The UCI researchers asked people aged 50 to 79 who had expressed willingness to take part in drug research whether they would be interested in enrolling in a hypothetical four-year study of a plaque-reducing monoclonal antibody and a plaque-preventing drug. The study was conducted eight days after the FDA gave aducanumab the green light.

“We found those who had heard about the FDA decision before our follow up became less willing to take part in a drug trial,” Marina Ritchie, a neurobiology and behavior graduate student and corresponding author, said in a statement. “The people who learned about it from our materials demonstrated absolutely no change in their willingness.”

UCI MIND Director Joshua Grill, PhD, said in a statement that the findings were surprising, as they went against previous data showing that people generally are more willing to participate in studies involving approved drugs compared with investigational ones. 

“We believe it could be evidence of the powerful influence of media coverage of science,” Grill said. 

The study authors said that their findings may offer important insights for Alzheimer’s disease researchers.

“Alzheimer’s is the most important medical condition society faces, and we need an army of citizen volunteers to participate in drug trials,” Grill said. “Anything that diminishes credibility in scientific research impedes our progress. Media coverage has the potential to influence people’s choices. That can hold us back or push us forward.”

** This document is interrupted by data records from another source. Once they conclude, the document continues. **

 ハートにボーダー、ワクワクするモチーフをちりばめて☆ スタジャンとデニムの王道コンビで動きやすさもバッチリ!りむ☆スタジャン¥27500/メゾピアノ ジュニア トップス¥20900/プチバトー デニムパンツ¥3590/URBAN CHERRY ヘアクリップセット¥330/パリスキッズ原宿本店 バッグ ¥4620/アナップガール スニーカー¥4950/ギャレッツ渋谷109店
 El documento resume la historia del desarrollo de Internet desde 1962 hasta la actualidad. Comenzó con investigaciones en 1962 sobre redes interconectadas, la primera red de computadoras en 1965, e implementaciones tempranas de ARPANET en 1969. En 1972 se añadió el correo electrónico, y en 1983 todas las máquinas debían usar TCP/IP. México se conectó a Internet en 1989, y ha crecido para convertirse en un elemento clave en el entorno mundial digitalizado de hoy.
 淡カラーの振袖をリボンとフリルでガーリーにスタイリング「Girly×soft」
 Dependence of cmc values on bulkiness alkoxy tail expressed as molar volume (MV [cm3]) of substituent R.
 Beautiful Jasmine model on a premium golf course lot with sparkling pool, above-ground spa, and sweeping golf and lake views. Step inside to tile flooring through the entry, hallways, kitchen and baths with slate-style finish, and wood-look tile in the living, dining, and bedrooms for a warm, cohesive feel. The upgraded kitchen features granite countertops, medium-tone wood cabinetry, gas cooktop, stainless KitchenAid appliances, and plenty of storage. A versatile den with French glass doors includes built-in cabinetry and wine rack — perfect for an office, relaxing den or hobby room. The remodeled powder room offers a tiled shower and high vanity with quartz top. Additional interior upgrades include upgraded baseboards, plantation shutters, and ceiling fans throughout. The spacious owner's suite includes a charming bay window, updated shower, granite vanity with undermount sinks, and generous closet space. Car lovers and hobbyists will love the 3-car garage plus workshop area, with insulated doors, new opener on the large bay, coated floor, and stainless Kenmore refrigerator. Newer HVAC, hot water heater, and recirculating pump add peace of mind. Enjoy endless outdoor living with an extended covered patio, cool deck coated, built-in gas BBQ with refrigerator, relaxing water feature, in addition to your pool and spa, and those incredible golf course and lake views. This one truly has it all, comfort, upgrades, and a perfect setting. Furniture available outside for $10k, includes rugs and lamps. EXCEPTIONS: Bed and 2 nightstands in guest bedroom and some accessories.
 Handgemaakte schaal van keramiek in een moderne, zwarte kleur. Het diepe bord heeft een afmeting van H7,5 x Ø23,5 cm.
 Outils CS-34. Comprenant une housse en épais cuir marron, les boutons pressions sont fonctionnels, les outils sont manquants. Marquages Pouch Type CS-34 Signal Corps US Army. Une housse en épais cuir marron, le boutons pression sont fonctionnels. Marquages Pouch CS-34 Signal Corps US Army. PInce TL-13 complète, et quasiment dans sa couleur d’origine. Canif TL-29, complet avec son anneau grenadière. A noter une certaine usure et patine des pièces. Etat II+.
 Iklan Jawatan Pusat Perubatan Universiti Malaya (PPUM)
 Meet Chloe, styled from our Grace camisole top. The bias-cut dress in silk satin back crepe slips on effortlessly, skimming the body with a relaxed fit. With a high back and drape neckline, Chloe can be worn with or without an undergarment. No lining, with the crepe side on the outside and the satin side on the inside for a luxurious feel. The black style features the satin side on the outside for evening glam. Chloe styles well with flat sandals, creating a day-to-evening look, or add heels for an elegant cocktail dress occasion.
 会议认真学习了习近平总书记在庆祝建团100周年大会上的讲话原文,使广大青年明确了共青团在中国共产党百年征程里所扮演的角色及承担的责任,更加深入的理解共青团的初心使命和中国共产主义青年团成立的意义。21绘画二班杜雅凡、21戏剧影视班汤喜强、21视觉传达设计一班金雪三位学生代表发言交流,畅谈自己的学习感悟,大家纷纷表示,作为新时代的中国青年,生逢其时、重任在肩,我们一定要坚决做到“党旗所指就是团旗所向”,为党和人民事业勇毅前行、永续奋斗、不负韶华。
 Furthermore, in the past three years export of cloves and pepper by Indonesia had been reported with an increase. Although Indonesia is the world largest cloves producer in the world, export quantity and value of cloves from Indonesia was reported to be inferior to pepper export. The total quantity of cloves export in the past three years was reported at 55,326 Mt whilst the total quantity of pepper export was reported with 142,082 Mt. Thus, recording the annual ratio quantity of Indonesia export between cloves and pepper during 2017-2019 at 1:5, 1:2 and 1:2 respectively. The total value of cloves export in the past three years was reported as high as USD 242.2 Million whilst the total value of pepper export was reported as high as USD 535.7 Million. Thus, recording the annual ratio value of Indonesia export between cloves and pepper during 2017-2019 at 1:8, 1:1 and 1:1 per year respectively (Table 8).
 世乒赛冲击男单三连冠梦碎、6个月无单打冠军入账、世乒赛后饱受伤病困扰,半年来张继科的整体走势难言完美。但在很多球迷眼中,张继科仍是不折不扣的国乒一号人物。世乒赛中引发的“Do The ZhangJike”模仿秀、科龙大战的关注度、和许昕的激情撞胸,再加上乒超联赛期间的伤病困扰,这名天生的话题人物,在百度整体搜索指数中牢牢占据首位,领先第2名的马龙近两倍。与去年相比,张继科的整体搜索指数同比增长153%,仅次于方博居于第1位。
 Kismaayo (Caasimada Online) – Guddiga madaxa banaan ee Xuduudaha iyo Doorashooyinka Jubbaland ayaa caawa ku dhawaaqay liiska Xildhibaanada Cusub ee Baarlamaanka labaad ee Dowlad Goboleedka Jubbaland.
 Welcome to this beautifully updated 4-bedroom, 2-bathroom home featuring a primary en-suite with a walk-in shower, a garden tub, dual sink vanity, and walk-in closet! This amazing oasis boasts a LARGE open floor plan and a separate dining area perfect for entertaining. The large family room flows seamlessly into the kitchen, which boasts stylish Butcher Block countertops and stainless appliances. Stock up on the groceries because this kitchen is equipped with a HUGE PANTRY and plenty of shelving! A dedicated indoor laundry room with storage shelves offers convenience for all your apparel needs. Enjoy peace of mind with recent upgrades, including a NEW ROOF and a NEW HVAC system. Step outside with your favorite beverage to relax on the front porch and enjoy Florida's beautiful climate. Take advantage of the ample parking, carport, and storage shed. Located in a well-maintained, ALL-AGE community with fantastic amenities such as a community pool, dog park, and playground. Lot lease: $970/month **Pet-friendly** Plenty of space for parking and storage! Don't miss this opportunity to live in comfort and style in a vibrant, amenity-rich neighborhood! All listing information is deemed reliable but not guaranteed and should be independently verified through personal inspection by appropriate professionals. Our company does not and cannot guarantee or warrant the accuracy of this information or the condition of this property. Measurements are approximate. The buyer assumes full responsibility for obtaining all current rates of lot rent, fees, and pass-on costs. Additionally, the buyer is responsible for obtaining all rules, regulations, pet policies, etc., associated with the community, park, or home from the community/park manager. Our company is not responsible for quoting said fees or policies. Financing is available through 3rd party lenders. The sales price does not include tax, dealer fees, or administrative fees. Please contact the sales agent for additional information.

The UCI MIND team plans further research, with an emphasis on how to better ensure the participation of diverse populations in Alzheimer’s clinical trials.

In another study, the results of which were published in October in the Journal of Prevention of Alzheimer’s Disease, 56% of the 1,028 respondents aged 50 to 64 said they were not likely to take part in a trial of a dementia-prevention drug. The greatest percentage of survey respondents, 39%, said they did not want to be “guinea pigs,” 23% said they thought that dementia would not affect them, 22% said they were afraid of being harmed by the research, 15% were concerned that participation would take too much time and 5% reported a fear of learning information about themselves. The researchers did not see any differences across age, sex, and racial and ethnic groups.